Incident Response — Security Checklist

Do you maintain a documented incident response (IR) policy that defines scope, objectives, and roles?

Do you have a designated incident commander and incident response team with clearly defined roles, responsibilities, and decision-making authority? Is the incident commander role clearly established to coordinate response activities, make time-sensitive decisions, and ensure clear accountability during incidents?

Do you have designated subject matter experts (ex. Core Devs) who understand different parts of protocol internals and can analyze ongoing attacks and prepare response strategies for potential attack vectors?

Do you have designated signer roles with documented authority and procedures for executing emergency transactions (pausing, freezing, parameter changes)?

Do you periodically review and update IR team roles, authorities, and escalation measures to reflect protocol changes, new teams, or evolving governance structures?

Do you have designated Communications personnel responsible for public information sharing and incident response record-keeping?

Do you maintain Legal support with documented procedures for analyzing legal and regulatory implications of response actions, approving whitehat engagement agreements, and reviewing public communications?

Do you have documented procedures for coordinating between technical teams (Core Devs/Auditors) and operational teams (Security Council/Communications) during incidents?

Do you maintain contact methods & communication channels for external companies that run protocols you depend on, or that depend on your protocol?

Do you maintain documented monitoring coverage for critical systems, protocols, and infrastructure components with 24/7 capabilities and procedures for after-hours alert handling?

Do you have automated alerting configured with embedded playbooks for security events, detecting false alarms, and operational issues?

Do you conduct regular alert testing and drills to ensure monitoring systems function correctly under various scenarios?

Do you have documented procedures for alert triage, classification, and escalation to appropriate response teams?

Do you maintain log retention policies with adequate preservation periods for security and infrastructure logs (including cloud provider logs) to support incident investigation and forensic analysis?

Do you maintain procedures for monitoring leaked credentials and compromised accounts associated with the organization?

Do you have procedures for monitoring organizational social media accounts & websites for indicators of compromise or unauthorized activity?

Do you maintain requirements for immutable logging and tamper-evident alerting channels that trigger alerts if logs are altered or monitoring is disabled?

Do you operate redundant paging systems with documented procedures and regular testing?
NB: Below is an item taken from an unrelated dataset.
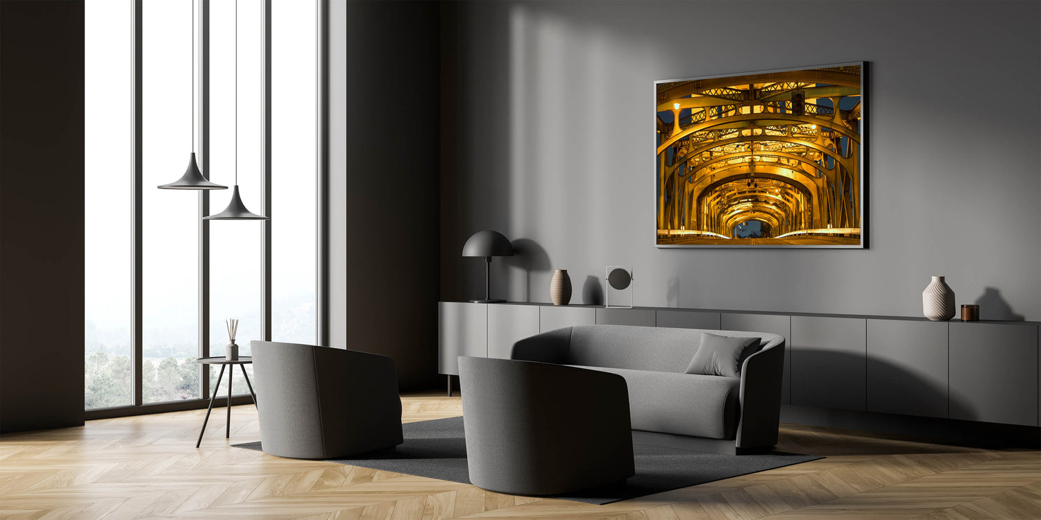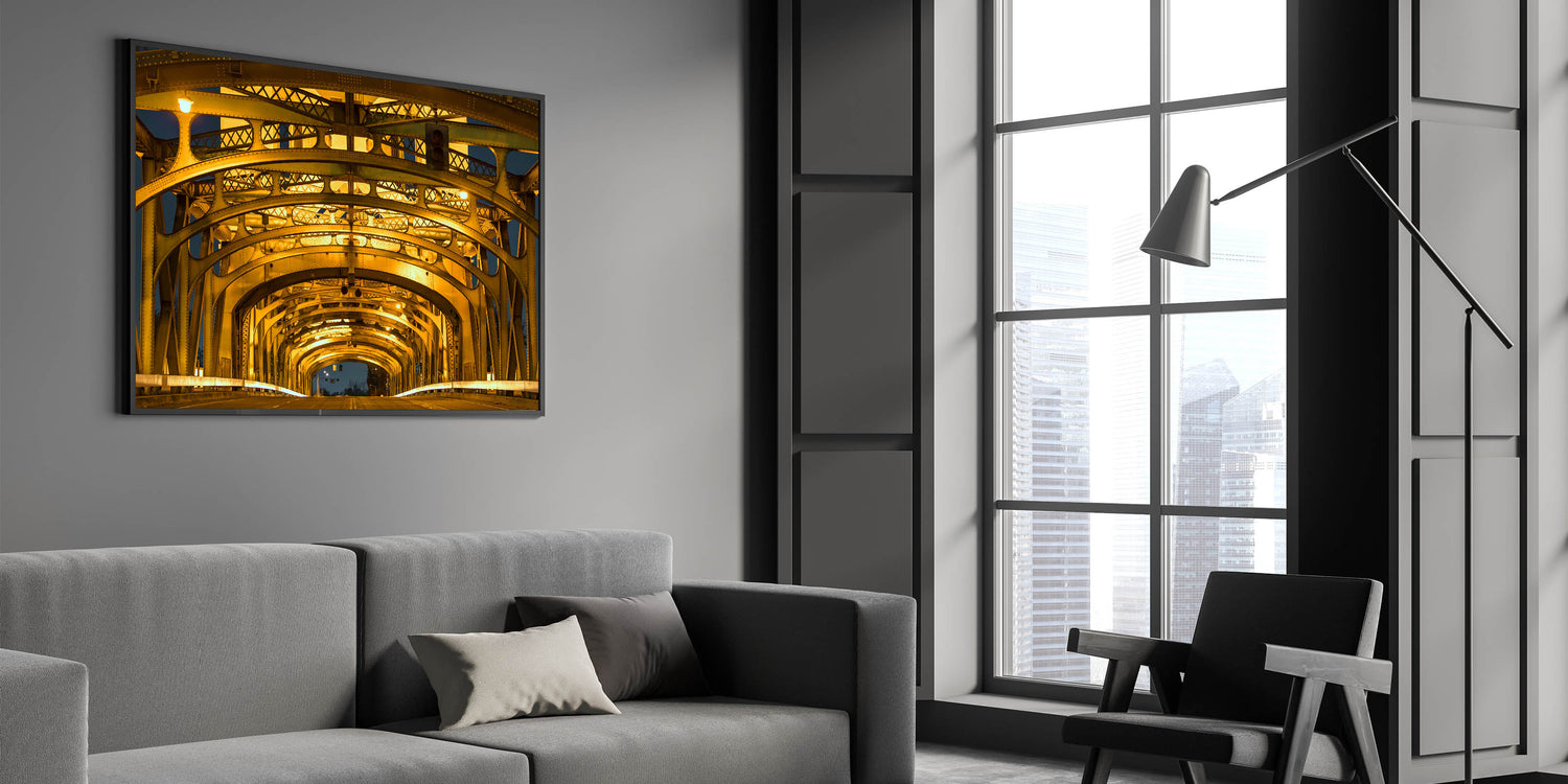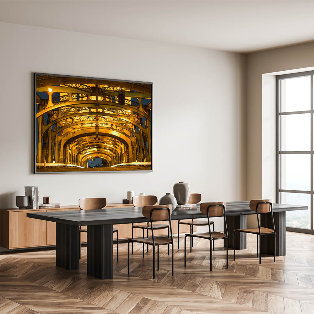 Bring the architectural beauty of Sacramento’s Tower Bridge into your space with this stunning close-up view of its illuminated structure. The golden glow of the bridge’s intricate steel framework creates a visually captivating composition that blends industrial design with urban elegance. This Sacramento cityscape art captures the iconic bridge in a unique and modern way, making it perfect for adding sophistication to any decor.

Do you maintain current on-call schedules with documented coverage requirements and backup procedures?

Do you have documented escalation procedures with time-based triggers and management notification requirements?

Do you define and track response time targets for different incident severity levels?

Do you maintain documented response playbooks for common incident types (protocol exploits, infrastructure failures, access control breaches, data security incidents, and supply chain compromises)?

Do you have step-by-step procedures for initial response actions including containment, evidence preservation, and stakeholder notification?

Do you maintain role-based playbooks that define specific responsibilities for different team members (Core Devs, Auditors, Signers, Communications, Legal) during incidents?

Do you maintain procedures for coordinating multisig operations during incidents including signer availability and cross-timezone challenges?

Do you have documented criteria for major response decisions (system shutdown, public disclosure, external assistance) and escalation policies for when to engage leadership?

Do you maintain contact information and procedures for engaging external expertise (forensics, legal, specialized consultants)?

Do you maintain emergency cards or quick-reference materials containing key personnel and response steps for each protocol component?

Do you maintain multiple communication channels (primary and backup) with documented procedures for reaching signers across time zones, including during emergencies?

Do you maintain pre-signed emergency transactions for critical protocol functions (pause, freeze, parameter changes)?

Do you have documented procedures for rapidly executing emergency transactions with minimal coordination time?

Do you maintain multiple signing methods and backup procedures for signers transaction execution?

Do you have a documented procedure for rotating keys and replacing compromised signers?

Do you maintain dedicated communication channels for incident response with documented access controls, member lists, and procedures for rapidly creating new incident-specific channels when needed?

Do you have documented procedures for incident status reporting including frequency, format, and distribution lists?

Do you maintain secure communication procedures for sensitive incident information?

Do you maintain documented procedures for coordinating communications with protocol users during and post-exploit?

Do you have pre-approved communication templates and escalation procedures for different incident types and severity levels?

Do you maintain procedures for managing public information flow and preventing misinformation during active incidents?

Do you conduct regular incident response drills that test pager systems, escalation procedures, team coordination, monitoring systems, containment procedures, and recovery processes? Do you evaluate drill performance, identify gaps, and track improvement actions based on both exercise findings and real incident experience?